Thursday, August 6, 2009

What's your time worth?

One of the hardest questions I often find myself needing to answer is what my time is worth. Simple everyday decisions are influenced by what the answer to this question is - Should I get groceries from the store myself, or order online? Should I clean my own apartment or hire a professional? Should I contest the parking ticket by mail, in person or simply pay it? Should I go out an enjoy the weather instead of working overtime?

Of course, the right answer in most cases depends on more than just how you value your time. Tangible (I might pick better produce in person than online, or a professional could do a better job cleaning my apartment than I can) and non-tangible (I get to experience the judicial process at the municipal court myself if I contest a ticket in person) factors can sometimes influence these decision more than the absolute value of your time, and generally it's a combination of these factors + the value of your time which leads to the right answer.

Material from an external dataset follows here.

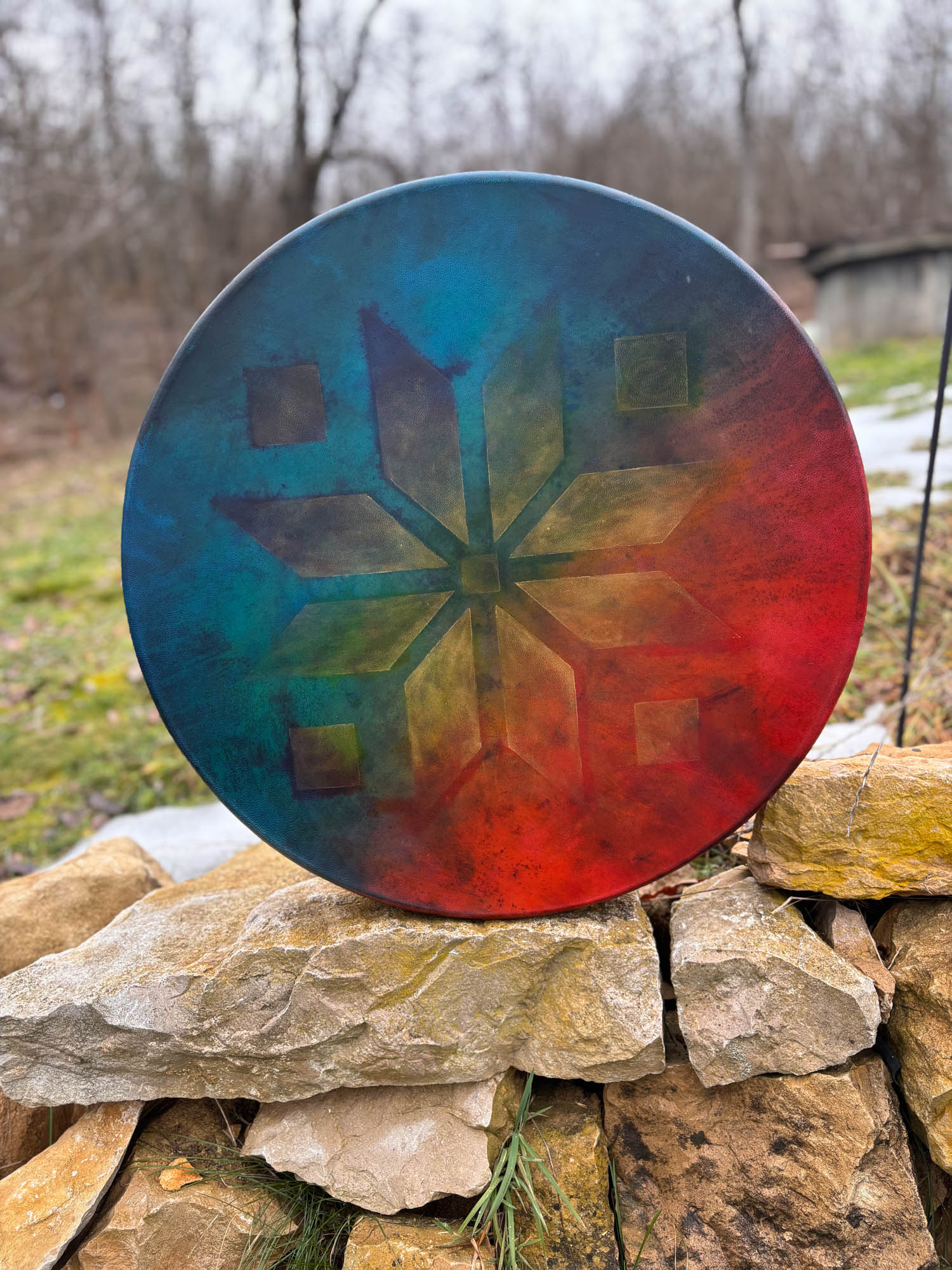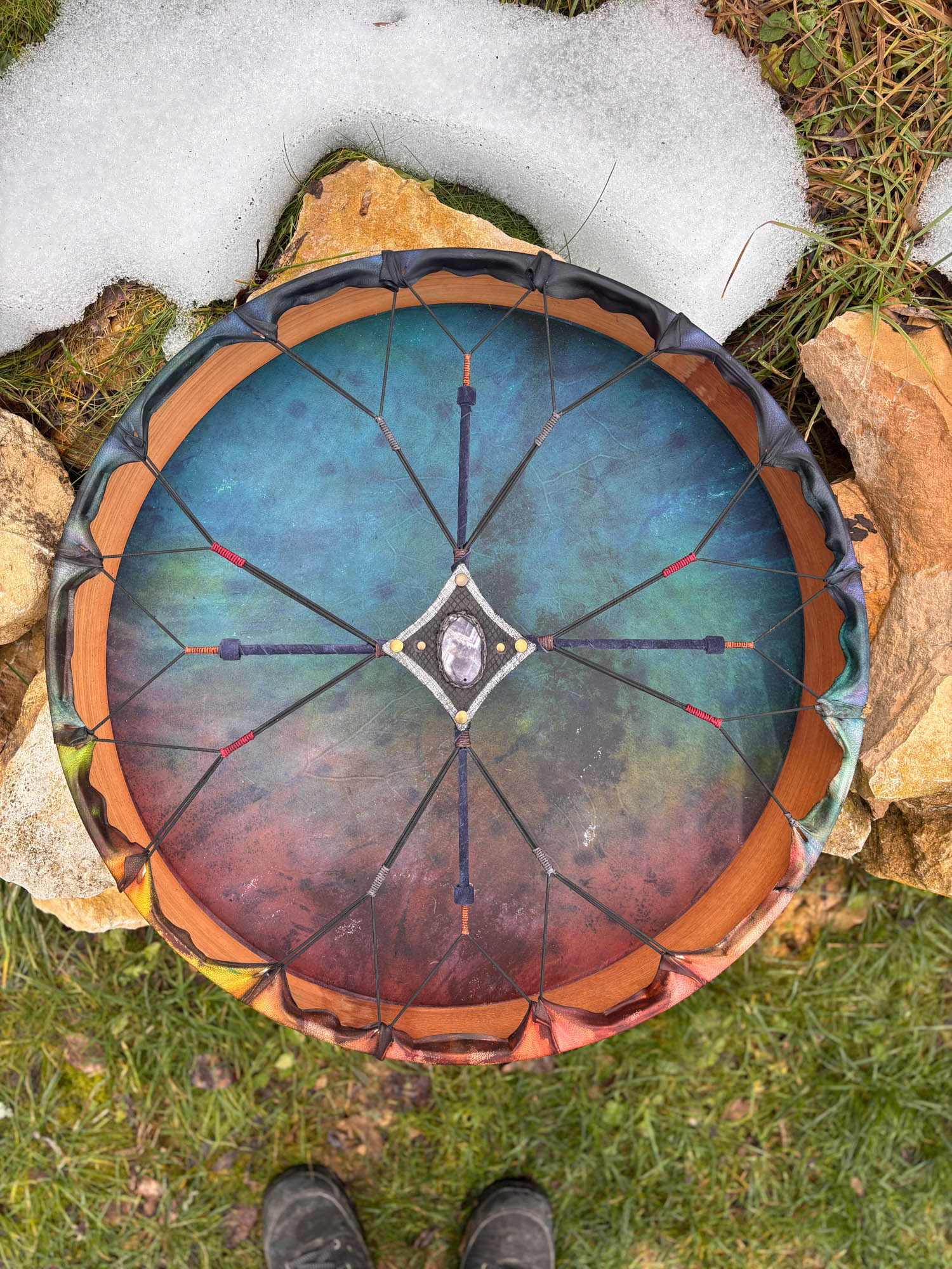 This is a 22″ Large Natural Goat Drum, 4″ Deep, produces a variety of low and high vibrations depending on how is tuned.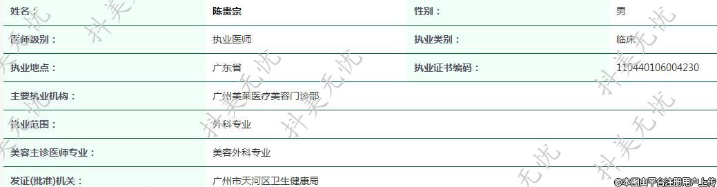主要執(zhí)業(yè)機(jī)構(gòu):廣州美萊醫(yī)療美容門(mén)診部

What factors influence how you derive the value of your time? Here's a quick list of things I could think of:
  • Your age relative to life expectancy. Generally, the older you get the more valuable your time is. Time does run out eventually, afterall.
  • Real dollar value of gains from alternate activities you could be engaged in versus the intended activity. If you're paid by the minute on your job, the dollar value of every minute your spend in the break room outside of the allowed times better be worth more than your per-minute salary.
  • The intangible value of alternate activities you could be engaged in versus the intended activity. Heh - good luck figuring this out!
  • The tangible and intangible deferred value/costs of making a decision. Not feeding the parking meter in favor of enjoying your cup of coffee by the lake will cost you $25 next week.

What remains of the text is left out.